* _Problem_
Give every entry below again, exactly as written, and skip the images.

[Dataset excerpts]
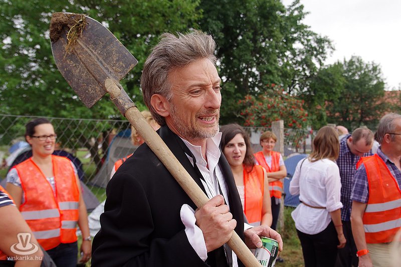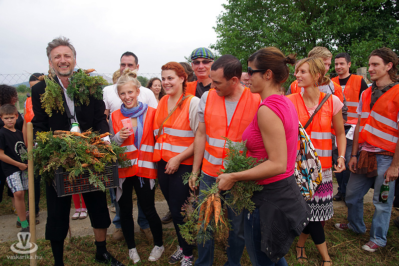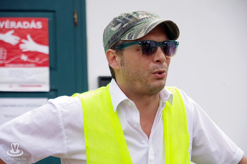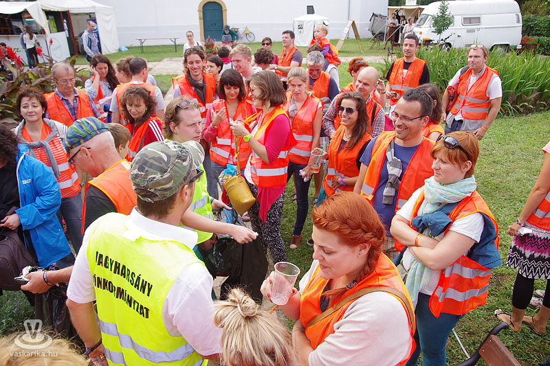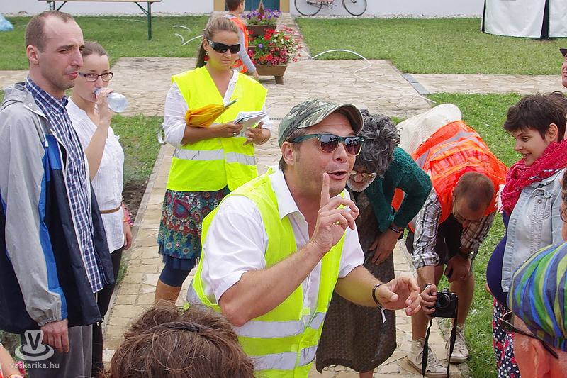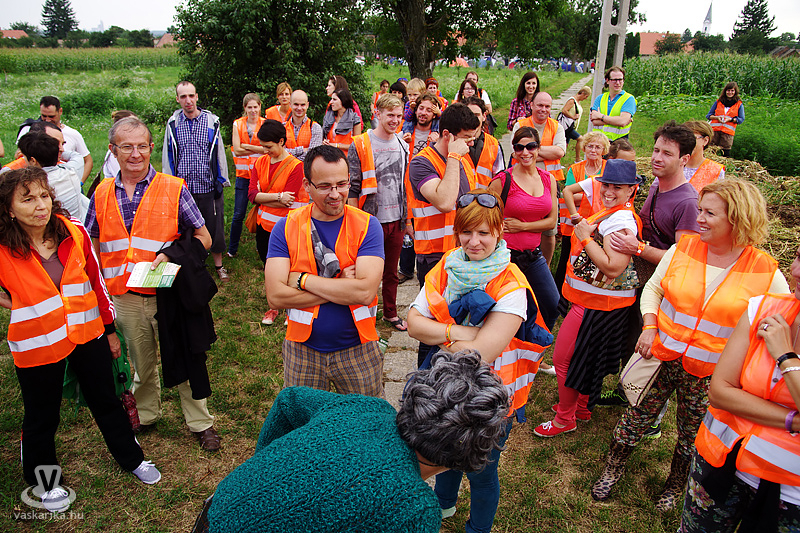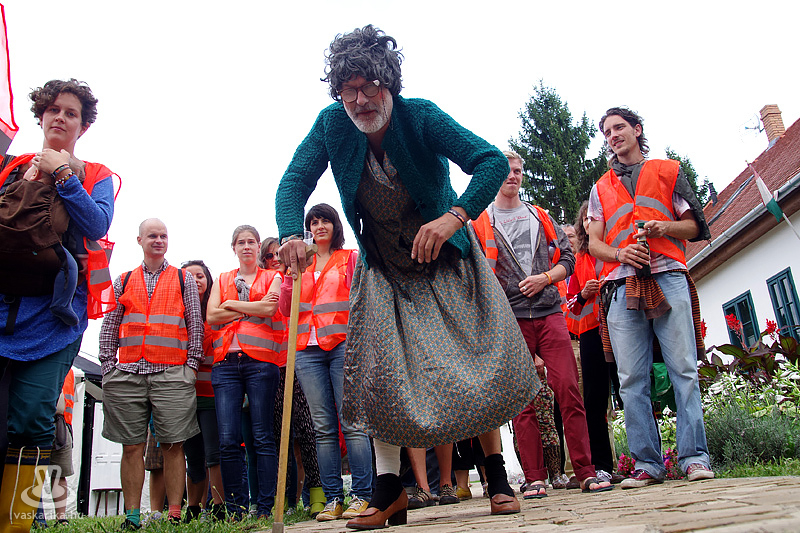Köles Feri a templomkertben maga köré gyűjtött minket és beavatott a tutiba: az NKA 403 programra adott engedélyt a Katlanban, ez a 404., így ez már nem a fesztivál része. Plusz a létszámunknál fogva is kimerítjük a mozgalom fogalmát... Emiatt mindegyikünk kap egy-egy narancssárga láthatósági mellényt, mert ekkora létszámban csak közhasznú munkásként alkothatunk csoportot. Faluturisták leszünk- közhasznú munkásoknak álcázva.
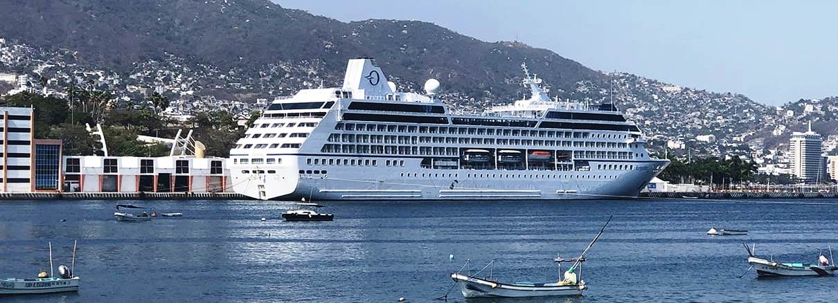 Acapulco, Guerrero.- El crucero Regatta de la compañía Oceania Cruises empresa filial de Norwegian Cruise Line Holding, inició una escala de 30 días en el puerto de Acapulco, con tripulación al mínimo y sin pasajeros, tras la autorización de la API y de las terminales especializadas.
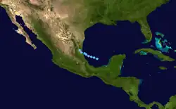 By September 6, the disturbance had emerged into the southwest Gulf of Mexico and consolidated into a smaller system which had enough organization to be classified as a tropical depression, the seventh of the season. The depression moved north-northwest into northeast Mexico on the afternoon of September 7, dissipating completely on September 8.[20]
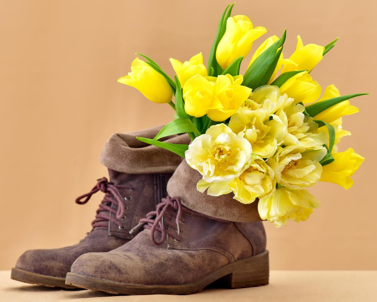 Wallpaper Bouquet of yellow tulips in old shoes
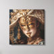 Esta impressão em tela retrata uma mulher misteriosa usando uma máscara dourada em um baile de máscaras.
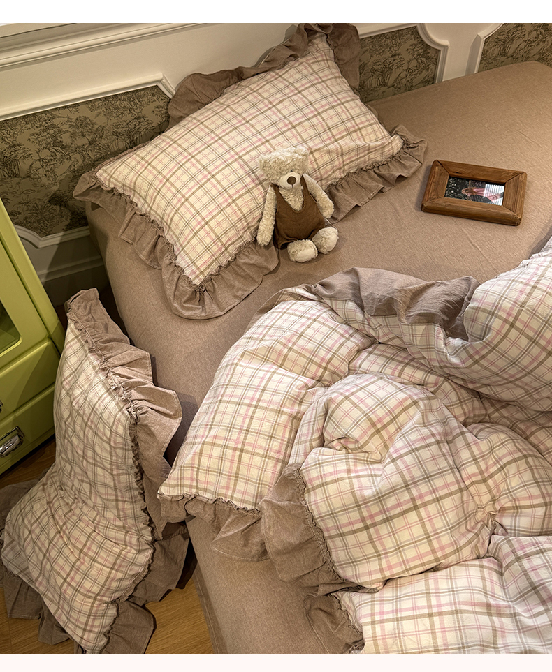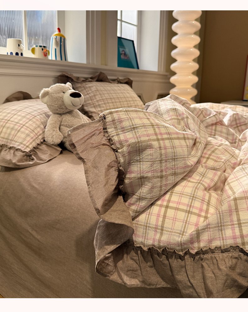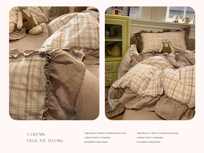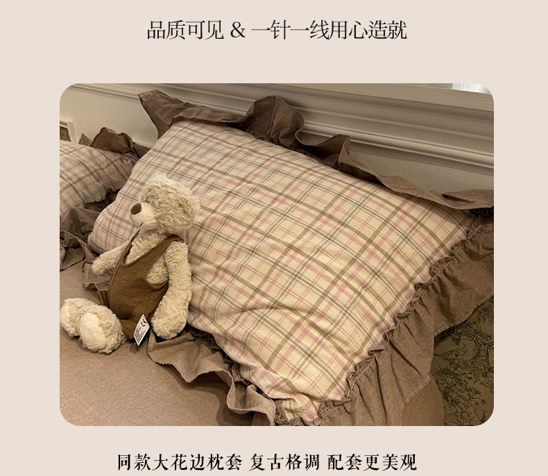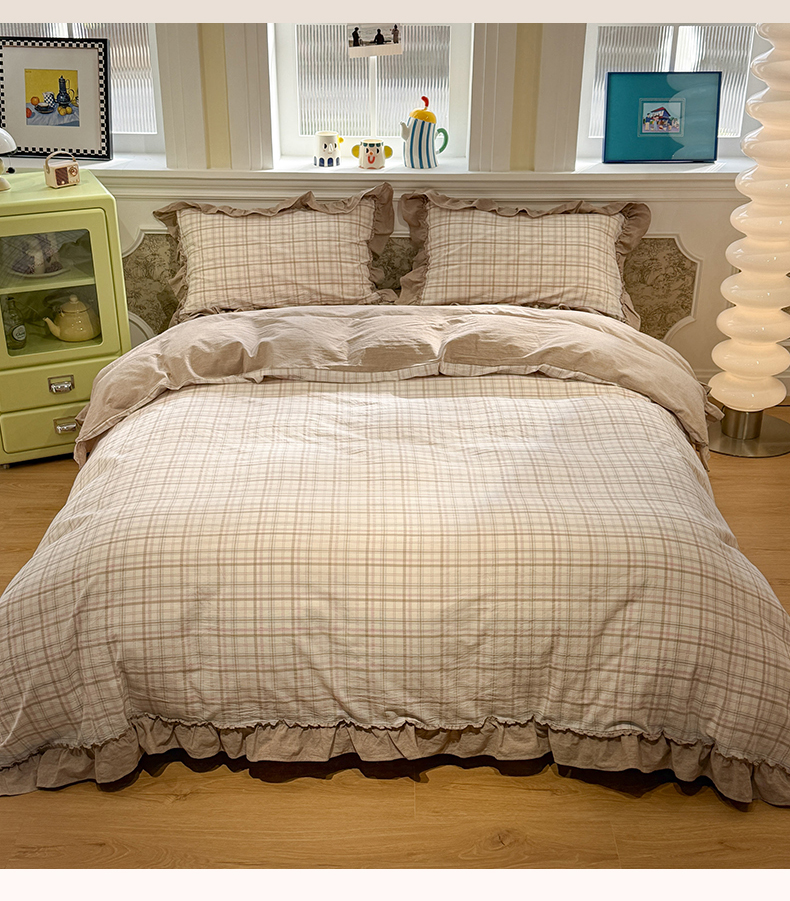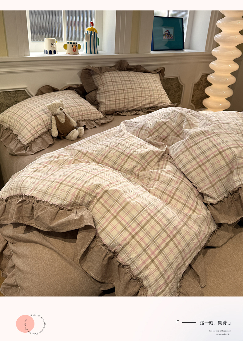 曼町家居 2026春夏全棉纯棉水洗棉花边款四件套 季野
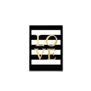 Quadro love - fundo listrado 24x18cm - com vidro Moldura: madeira preta

* _Answer to the exercise_
Köles Feri a templomkertben maga köré gyűjtött minket és beavatott a tutiba: az NKA 403 programra adott engedélyt a Katlanban, ez a 404., így ez már nem a fesztivál része. Plusz a létszámunknál fogva is kimerítjük a mozgalom fogalmát... Emiatt mindegyikünk kap egy-egy narancssárga láthatósági mellényt, mert ekkora létszámban csak közhasznú munkásként alkothatunk csoportot. Faluturisták leszünk- közhasznú munkásoknak álcázva.
 Acapulco, Guerrero.- El crucero Regatta de la compañía Oceania Cruises empresa filial de Norwegian Cruise Line Holding, inició una escala de 30 días en el puerto de Acapulco, con tripulación al mínimo y sin pasajeros, tras la autorización de la API y de las terminales especializadas.
 By September 6, the disturbance had emerged into the southwest Gulf of Mexico and consolidated into a smaller system which had enough organization to be classified as a tropical depression, the seventh of the season. The depression moved north-northwest into northeast Mexico on the afternoon of September 7, dissipating completely on September 8.[20]
 Wallpaper Bouquet of yellow tulips in old shoes
 Esta impressão em tela retrata uma mulher misteriosa usando uma máscara dourada em um baile de máscaras.
 曼町家居 2026春夏全棉纯棉水洗棉花边款四件套 季野
 Quadro love - fundo listrado 24x18cm - com vidro Moldura: madeira preta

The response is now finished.